= Isotope-coded affinity tag =

An isotope-coded affinity tag (ICAT) is an in-vitro isotopic labeling method used for quantitative proteomics by mass spectrometry that uses chemical labeling reagents. These chemical probes consist of three elements: a reactive group for labeling an amino acid side chain (e.g., iodoacetamide to modify cysteine residues), an isotopically coded linker, and a tag (e.g., biotin) for the affinity isolation of labeled proteins/peptides. The samples are combined and then separated through chromatography, then sent through a mass spectrometer to determine the mass-to-charge ratio between the proteins. Only cysteine containing peptides can be analysed. Since only cysteine containing peptides are analysed, often the post translational modification is lost.

==Development==
The original tags were developed using deuterium, but later the same group redesigned the tags using 13C instead to circumvent issues of peak separation during liquid chromatography due to the deuterium interacting with the stationary phase of the column.
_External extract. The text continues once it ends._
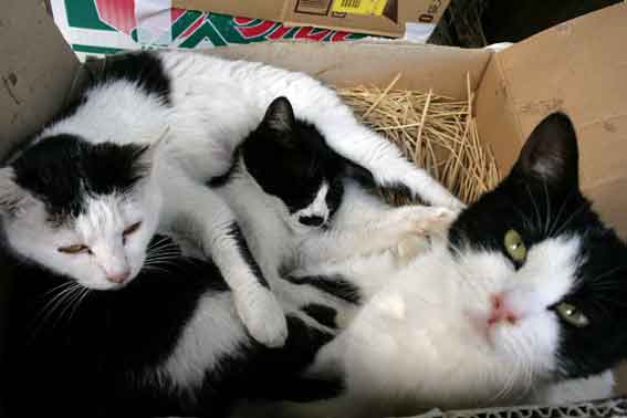 昨日、高知から帰ってきたら、納屋の軒下でシロ親子がダンボールの中で寝ていました♪箱の中にはシロ母さんと、チョビ、そしてふじこが仲良く寝ていました!!箱が小さくて、トラは入り切れずに別の場所にいました・・・。マスクもミケの子供で、仲間入り出来ず・・・。おとなし過ぎてもいけません・・・。ニャンコの世界も厳しいです!!4月も後半、今日から月末に向けて忙しくなります!!(*^。^*)♪

==Quantitative proteomics==
For the quantitative comparison of two proteomes, one sample is labeled with the isotopically light (d0) probe and the other with the isotopically heavy (d8) version. To minimize error, both samples are then combined, digested with a protease (i.e., trypsin), and subjected to avidin affinity chromatography to isolate peptides labeled with isotope-coded tagging reagents. These peptides are then analyzed by liquid chromatography-mass spectrometry (LC-MS). The ratios of signal intensities of differentially mass-tagged peptide pairs are quantified to determine the relative levels of proteins in the two samples.